Four years ago, no one would have imagined the U.S. as the global auto industry's hot spot, but the 2013 North American International Auto Show offers convincing evidence that designing and making flashy, fuel-efficient and fun vehicles is cool again.
Detroit has come through the wrenching makeovers of General Motors and Chrysler, and the bootstrap turnaround at Ford. The Japanese have overcome an epic earthquake and tsunami to recover their mojo in the U.S. German automakers are taking refuge in the U.S. from a nagging economic malaise in Europe.
All competitors are investing in U.S. plants and workers. Japan-based supplier Denso said Tuesday that it was weighing a plan to add 400 jobs in Michigan, and another 800 elsewhere in the U.S.
Automation and the array of global options mean the industry probably never will employ as many people as it did 25 years ago, but this is still where every automaker wants to make its mark as fuel-efficiency standards increase and demand for vehicles rises with the improved economy and housing market.
"We are seeing firsthand that the auto industry is back after some tough years," said Larry Dominique, executive vice president at TrueCar.com. "It's important for manufacturers to continue to innovate and build products that consumers will buy. Many of the concepts we saw this year prove that."
There's something for everyone at the show, which opens to the general public Saturday, from the seventh-generation Chevrolet Corvette to Mercedes-Benz's E-Class cars to the plug-in Cadillac ELR to the artful BMW 4-Series concept. None will be mega sellers on their own, but they reflect a deep well of creativity.
Every automaker now talks about fuel economy with the same boastful superlatives once reserved for horsepower and torque. The federal government, with the industry's support, has set a standard for 2025 that will force every company to nearly double their fleet's average fuel economy between 2010 and 2025. The government will revisit that standard in 2017, but automakers agree that they need to employ an array of technologies now to meet future miles per gallon standards.
That means hybrids, turbocharged gas engines and, to a lesser extent, diesels will grow more common. There's also natural gas and pure plug-ins.
Jeep doesn't have an all-new product to trumpet this year, but by adding the option of a diesel engine for its best-selling Grand Cherokee, it will enable "off-road" and "fuel-efficiency" to be used in the same sentence.

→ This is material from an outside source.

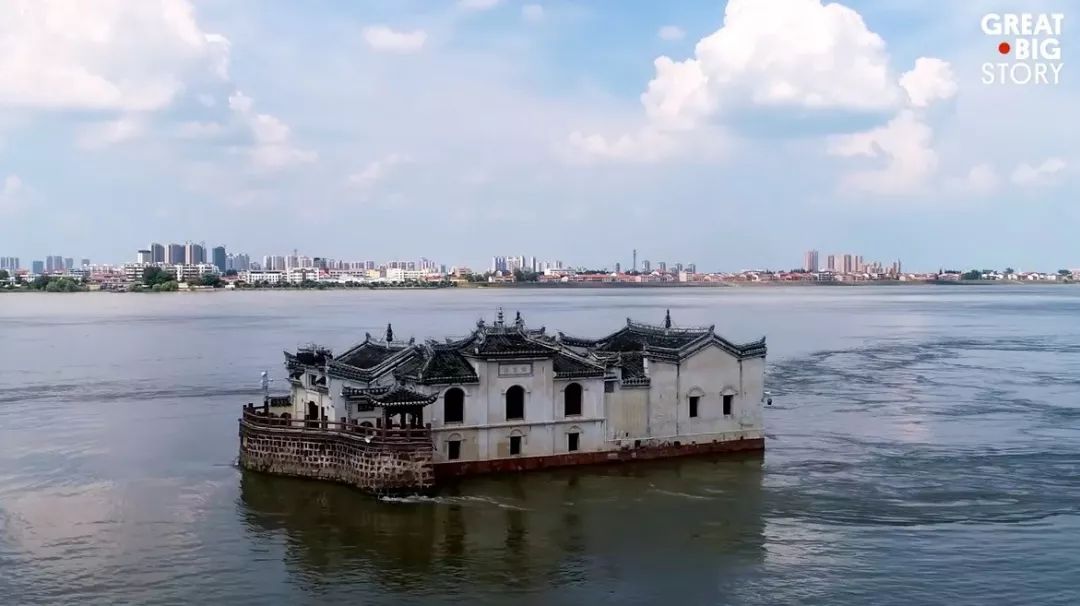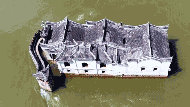 它就是被誉为“万里长江第一阁”的鄂州观音阁。 视频中这样介绍:“鄂州观音阁是万里长江上的唯一(现存)寺庙。这座寺庙坐落在长江里的一块大礁石上。在雨季,寺庙的地基被淹没在水中,这座古建筑看起来就像漂浮(在水面上)。”

Pushing the edge of the fledgling electric car market, Tesla brought its Silicon Valley bravado to show a concept of its Model X all-electric crossover and bragged that it has 13,000 orders for its Model S sedan, which can run 265 miles between charges.
One way this year's show is different is that there are more cars aimed at people younger than 50, or at least to stir their dreams. Every luxury carmaker is offering small cars and crossovers.

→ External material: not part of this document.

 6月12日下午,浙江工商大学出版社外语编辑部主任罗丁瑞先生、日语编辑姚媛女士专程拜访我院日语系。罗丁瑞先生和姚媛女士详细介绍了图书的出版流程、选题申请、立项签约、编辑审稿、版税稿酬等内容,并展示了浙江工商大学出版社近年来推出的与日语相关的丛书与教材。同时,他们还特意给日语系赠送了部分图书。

Baby boomers will account for a disproportionate percentage of new car purchases for the near future. Millennials love their smartphones, tablets and bicycles. But when younger buyers decide they need and can afford four wheels, the industry is providing ample choices.
Asked what vehicles jumped out at him during a walk around Cobo, auto analyst Peter Nesvold of Jefferies & Co. cited the Lincoln MKC.
"It's an aspirational vehicle, and those are two words that haven't been used to describe Lincoln in years," Nesvold said.
This year's concept vehicles are no longer farfetched art projects reflecting designers' fantasies. In almost every case, from the BMW 4-Series to the Honda Urban SUV to the Toyota Furia, there will be a real vehicle arriving in showrooms in the next two years.
"This show is a smorgasbord of vehicles, from flashy sports cars like the Corvette to the bread-and-butter Toyota Corolla disguised as the Furia concept," said Michelle Krebs, senior analyst with Edmunds.com.
As the housing market continues to grow stronger, more consumers will feel better about the future and will tend to buy more cars. As well, construction companies and other businesses are expected to increase demand for pickups--the mother's milk of auto profits.
Chrysler's nearly new Ram 1500 was named North American Truck of the Year. GM has a new Chevrolet Silverado and GMC Sierra coming this summer. That pressured Ford to unveil the Atlas on Tuesday, a concept meant to provide hints of a revamped F-150 pickup expected for the 2015 model year.
On a cautionary note, this is a global business.
As the U.S. economy is gathering momentum, the debt crisis in Europe lingers. Now Germany, which had been immune from the woes of Greece, Spain and Italy, may be drifting toward recession.
Automakers aren't closing enough underused plants fast enough to stem years of losses anytime soon in Europe.
China is still growing, but at a slower pace. In recent days, a choking smog in Beijing has forced schools to close, sent thousands of people with respiratory illness to hospitals and reminded the Chinese government that there are costs to breakneck economic growth.
There are risks even in the U.S., most vividly the unresolved budget fight in Washington.
Yet the sweeping array of new choices on the Cobo floor is a testament to how far this industry has come.